## Exercise brief
Please set down the data word for word; images do not go in the copy.

## Information shown
[Start of section]
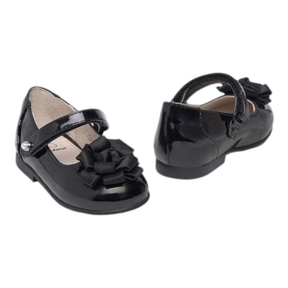 Βρεφική μπαρέτα λουστρίνι, του ισπανικού οίκου Mayoral. Κατασκευασμένη από συνθετικό εξωτερικά και δέρμα εσωτερικά. Διαθέτει δερμάτινο πάτο και ελαστική αντιολισθητική σόλα.
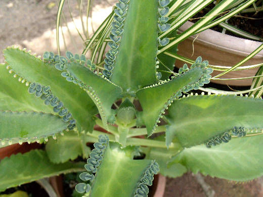 葉っぱの周りに赤ちゃんがいっぱい並んでいます。
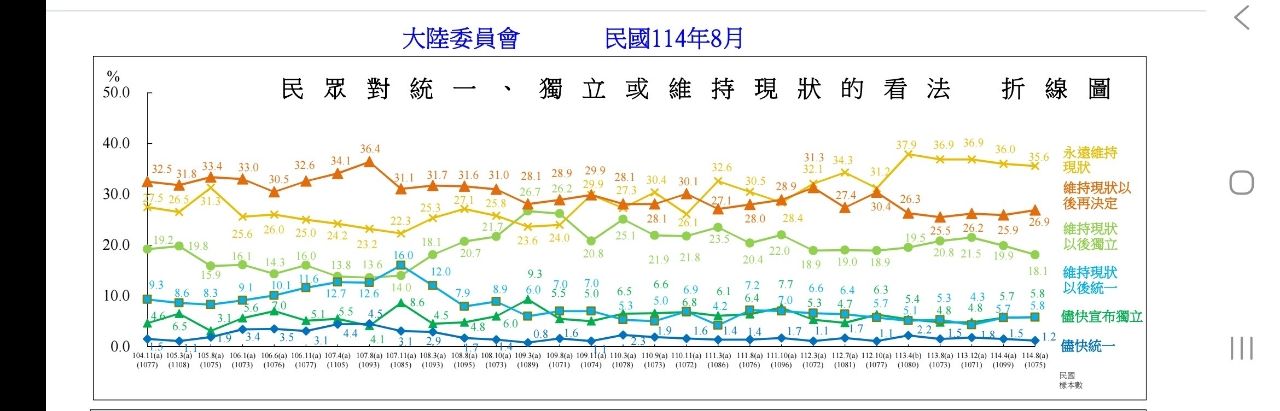 看看另一個陸委會長期做的民調
[End of section]
## Task output
 Βρεφική μπαρέτα λουστρίνι, του ισπανικού οίκου Mayoral. Κατασκευασμένη από συνθετικό εξωτερικά και δέρμα εσωτερικά. Διαθέτει δερμάτινο πάτο και ελαστική αντιολισθητική σόλα.
 葉っぱの周りに赤ちゃんがいっぱい並んでいます。
 看看另一個陸委會長期做的民調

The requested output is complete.